Уже во второй половине ночи мы со старшиной прошлись по всем боевым расчетам. Вроде бы все готово на случай, если фашисты предпримут вылазку. Беспокойный комбат Фома Фомич несколько раз лично осведомился по телефону, готова ли пулеметная рота к "концерту". И, получая каждый раз утвердительный ответ, предупреждал: "Ой, гляди, командирша!.."

"Концерт" начался сразу после завтрака. Я была на позициях Серикова, когда вдруг ударили вражеские дальнобойки. Вначале пристрелочными, с перелетом - тяжелые снаряды вздыбили землю за нашими спинами, с корнями вырвали несколько сосен на опушке реденькой рощи. Сериков, докладывающий мне обстановку, заметно побледнел. И мне вдруг задним числом стало очень жалко парнишку: зачем мы его тогда так уж сурово?..

Залп оказался условным сигналом для открытия огня из стволов всех калибров и систем.
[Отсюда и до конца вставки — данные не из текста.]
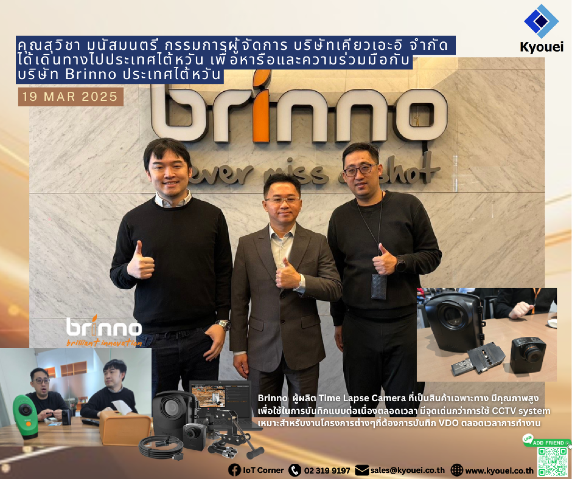 19 Mar 2025 คุณสุวิชา มนัสมนตรี กรรมการผู้จัดการ บริษัท เคียวเอะอิ จำกัด ได้เดินทางไปประเทศไต้หวัน เพื่อหารือและความร่วมมือกับบริษัท Brinno ประเทศไต้หวัน ผู้ผลิต Time Lapse Camera ที่เป็นสินค้าเฉพาะทาง ที่มีคุณภาพสูง เพื่อใช้ในการบันทึกแบบต่อเนื่องตลอดเวลา ที่มีจุดเด่นกว่าการใช้ CCTV system เหมาะสำหรับงานโครงการต่างๆที่ต้องการบันทึก VDO ตลอดเวลาการทำงาน ใช้หาสาเหตุถึงสิ่งผิดปกติต่างๆ ในครั้งนี้ได้คุยความร่วมมือทางการค้ากับ Mr.Stanley Meng (Director) และ Mr.Johnny Lin (Sales) เพื่อนำมาจำหน่ายในประเทศไทย ในลำดับต่อไป
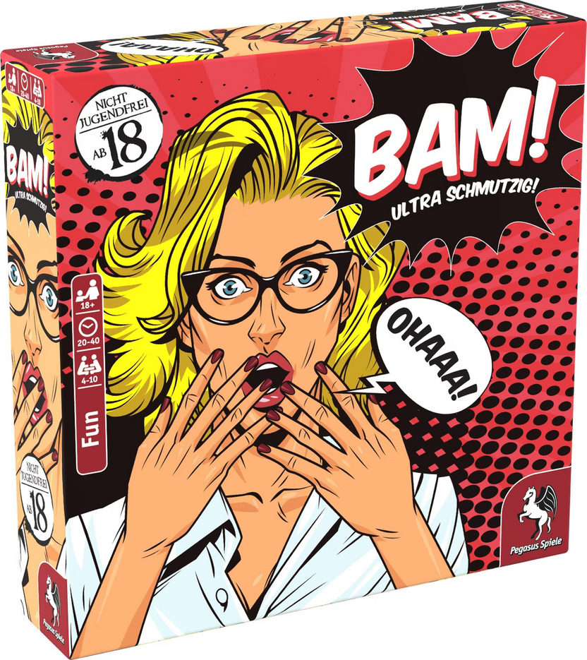Wenn ihr euch schon immer gedacht habt: Alles was ich will ist BAM!, dann kommt ihr jetzt voll auf eure Kosten: Mit BAM! Ultra schmutzig gibt es das Beste aus dem Grundspiel und den beiden eigenständigen Erweiterungen in einer bombastischen Compilation Box mit über 700 Karten – und das auch noch zu einem unschlagbar guten Preis. Frei nach dem Motto: Wenn schon schmutzig, dann richtig schmutzig! Und zur Feier dieses unanständig guten Rundum-Sorglos-Pakets gibt es auch noch ein BAMtastisches neues Coverartwork oben drauf. Natürlich liegen dem Spiel wie immer auch ein paar Blankokarten bei, die die Spielenden mit ihren besten eigenen Ideen versehen können.
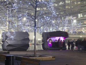Киоски уже прошли испытания реальностью: два таких «домика-веера» работали в качестве пунктов информации на Canary Wharf во время фестиваля ледяных скульптур. Но сами дизайнеры видят в своем творении идеальную «стойку» для диджея на модной вечеринке!
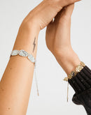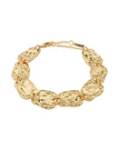 The gold-plated or silver-plated SHIFT bracelet from Pilgrim is a must-have for those who love unique accessories with character. The flat, wavy coins have a raw, textured surface that gives the jewellery a cool handcrafted feel. A perfect combination of boho elegance and classy style. Wear it alone for a minimalist statement or stack it with more bracelets for a personalised mix. Perfect with a chunky turtleneck and wool cape for a cozy winter-chic look. Made from 99% recycled materials – an eco-conscious choice
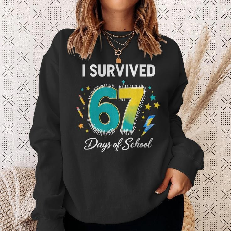 Gaming I Survived 67 Days Of School Sweatshirt Funny Pixel Clothing Gifts For Gamer.
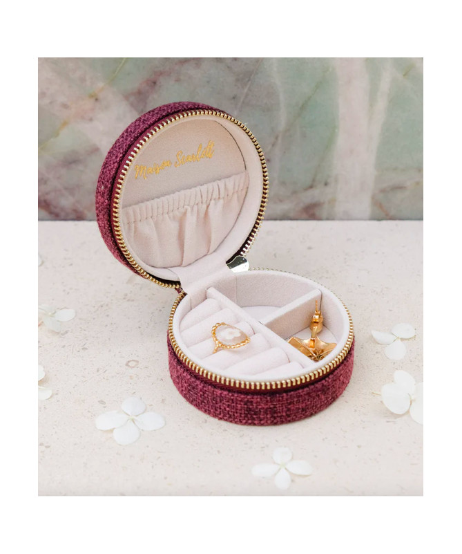Boite à bijoux S ronde lin bordeaux - Maison Scarlett
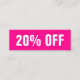 Cartão de desconto moderado, minimalista, moderno e simples em rosa brilhante.
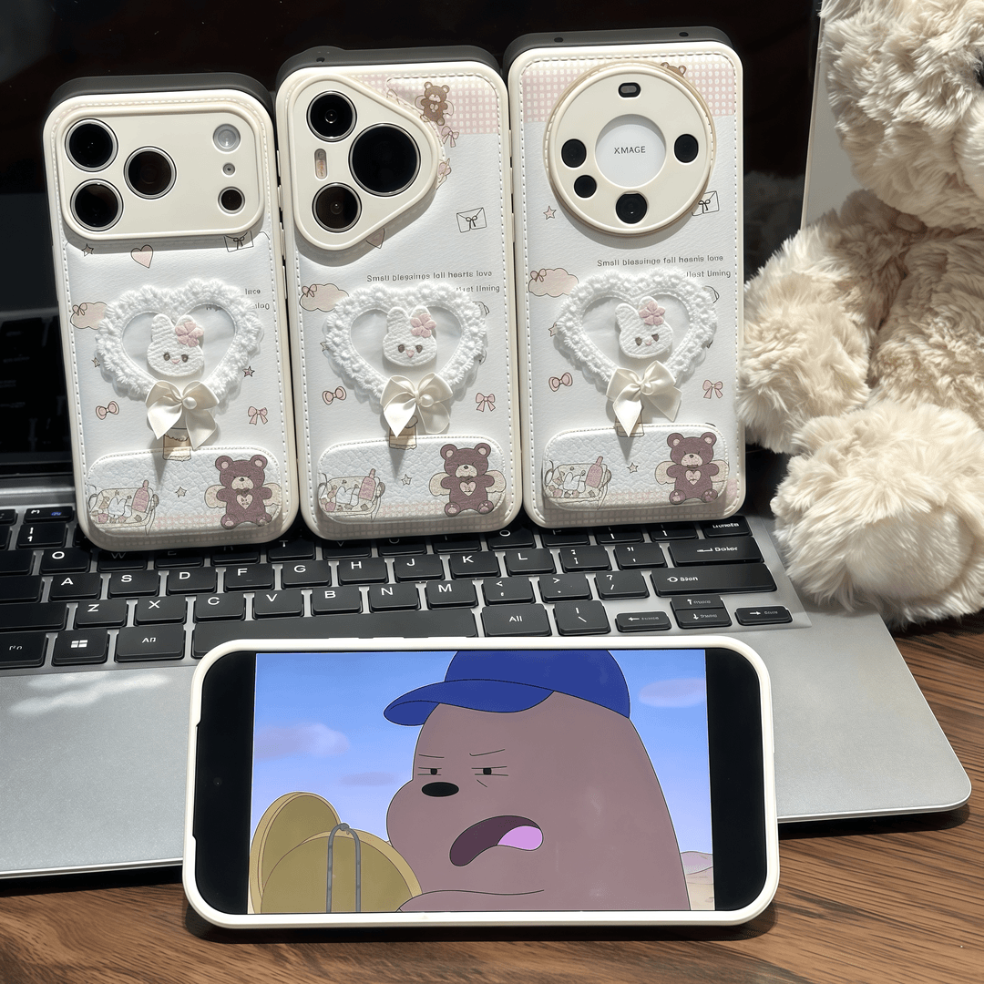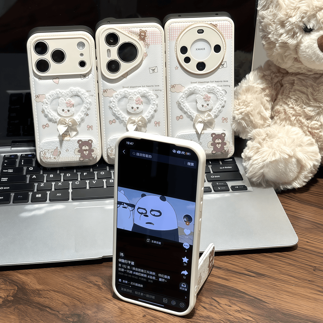少女心ins风立体小兔蕾丝爱心皮质手机壳适用苹果17ProMax小米17Pro华为pura vivo时0全包防摔卡通小熊蝴蝶结

Снаряды и мины тошнотворно завыли в низком предутреннем небе. Сполохи взрывов мельтешили всюду; впереди фонтанами вздымались к небу тучи развороченной земли. Молоденькие сосенки взлетали вверх, как пушинки. И без того мглистое мрачное утро начисто погасло. Стало темно, дымно и удушливо.
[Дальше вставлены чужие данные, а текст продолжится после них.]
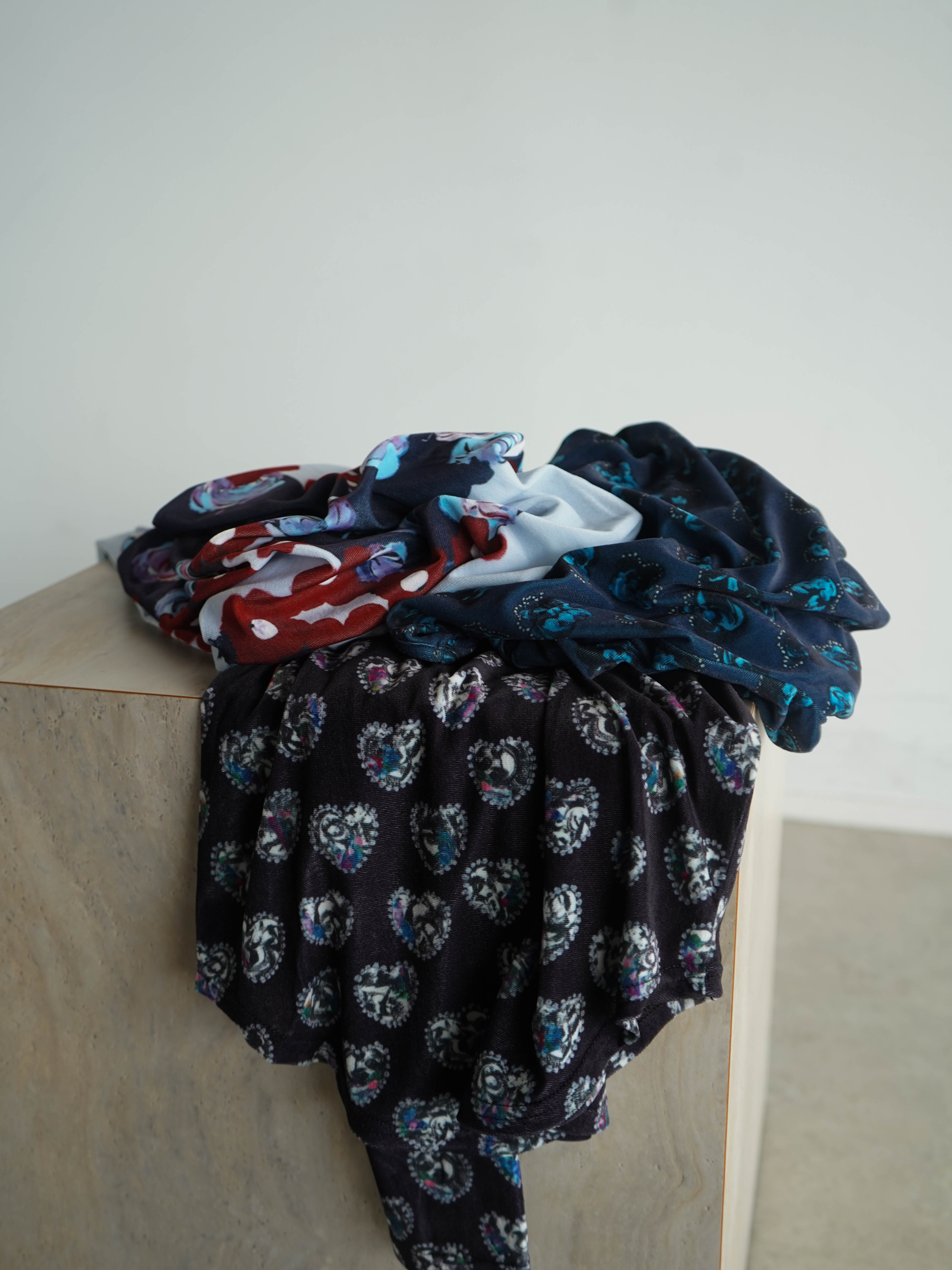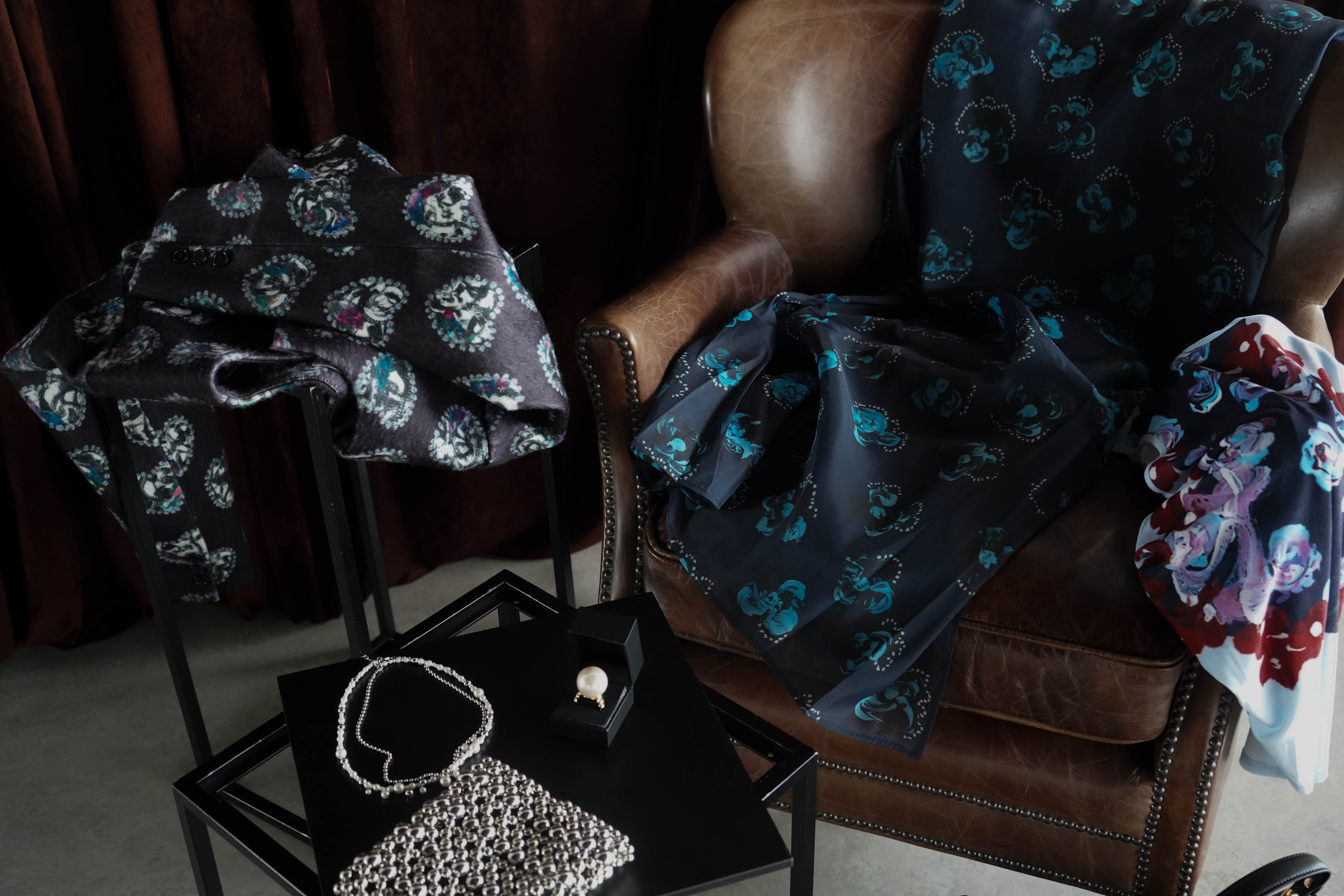 ホリデーのきらびやかさやナイト感が漂うアイテム。サイズ感を細かめにした柄とトーンを落とした色味が大人の女性でも着用していただきやすいデザインに。
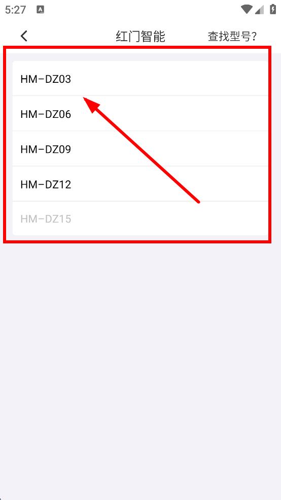 2、選擇紅門智能品牌后,在其型號列表中,可根據(jù)需求選擇對應(yīng)型號,比如選擇【HM-DZ03】。

- Мой правый ориентир! - прокричал Сериков мне в ухо и показал пальцем на одинокую сосну с раздвоенным комлем, маячившую на нейтралке. Тяжелая мина ударила под корень, и от ориентира остался только расщепленный пень. Мы ушли в укрытие.

Нет никакого сомнения, Серикову под огнем пришлось куда как нехорошо: глаза сразу провалились, нос заострился. Я дала ему малость отдышаться и снова из укрытия выбралась в траншею. Он без слова за мной. Оба ринулись на позицию сержанта Николая Пряхина. Спрятались в перекрытой стрелковой ячейке. Я начала лихорадочно подгонять бинокль по глазам. Но Соловей и без бинокля разглядел:

- Идут!..

- Держись, ребята! Приготовиться! - Я выглядываю осторожно в амбразуру ячейки и ничего не вижу: стелется дым клубами почти по самой земле, а что в том дыму - сам черт не разберет.

- Идут!.. - Ага, вижу. В самом деле, идут. Не спеша, не пригибаясь, как на прогулке - ну не нахальство ли? Вражеская цепь наползает медленно, то растягиваясь по полю, то сжимаясь, как резиновая.

- Внимание! Без команды не стрелять! - Ага, это ротный Пухов.

- Огонь! - Стрелки рванули довольно дружным залпом. Справа и слева ударили мои "максимы". А Пряхин все медлит: точно прикипел к рукояткам пулемета - живым не оторвешь.

Сериков что-то кричит сержанту под каску. Я успокаивающе кладу руку на плечо разгорячившегося взводного. Он пока не знает, что Коле Пряхину в бою подсказка не нужна. Он откроет огонь в самый подходящий, самый нужный момент - завидный глазомер и выдержка.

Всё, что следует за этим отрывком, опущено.